Trends in LM Error Correlation with Increasing Capabilities

• Observation:

An important additional finding is that as LM capabilities improve, the errors they commit become more correlated. When models are binned by accuracy, higher performing groups exhibit significantly greater CAPA scores, implying that the diversity in model failures narrows with capability gains.

• Implications:
  • Increased error overlap raises concerns for AI oversight, since diversity among models is critical both for unbiased evaluation (as exemplified in the LLM-as-a-judge experiments) and for effective knowledge distillation in training.
  • The trend for correlated errors may induce risks related to common blind spots across models, potentially leading to systemic failures when relying solely on automated oversight.

Additional Theoretical and Empirical Insights

• Metric Comparisons:

The paper presents a detailed comparison between CAPA and other inter-rater and divergence metrics (e.g., Cohen’s kappa, Scott’s pi, KL divergence). Simulations illustrate that while traditional metrics may misestimate similarity—especially when model outputs are highly calibrated—CAPA consistently captures the nuanced variations in functional agreement.

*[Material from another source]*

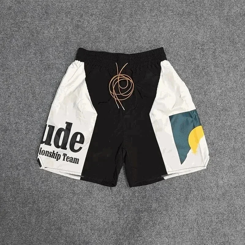 4.Rhude Colorblock Sunset Lettering Print Beach Shorts ( 32 styles)-0786
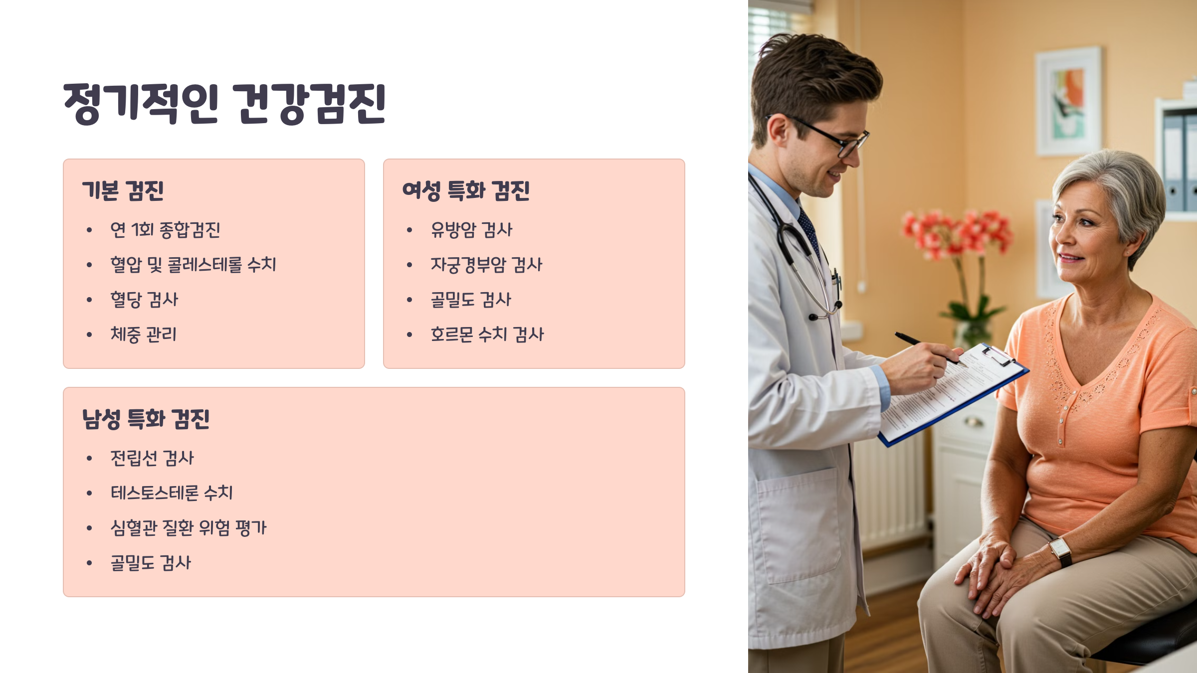 | 중년기 변화 | 건강 습관 | 정기검진 |

• Extensions and Applicability:

Extensions of CAPA to multi-model comparisons, as well as adaptations for classification and exact match settings, are provided. These derivations underline the flexibility of the metric beyond MCQ-based evaluations.

• Statistical Rigor:

Rigorous statistical testing (including partial correlation, multiple regression analyses, diagnostic tests for normality and homoscedasticity) reaffirms the robustness of the reported effects of model similarity on AI oversight mechanisms, both in judging and training contexts.

Overall, the paper emphasizes that as LMs continue to scale, considering functional similarity—and its implications on both model evaluation and knowledge transfer methodologies—is increasingly critical. The CAPA metric offers a comprehensive framework for analyzing these effects, highlighting that correlated errors could undermine the independence and effectiveness of AI oversight, especially in scenarios where diverse approaches are necessary to mitigate shared systematic failures.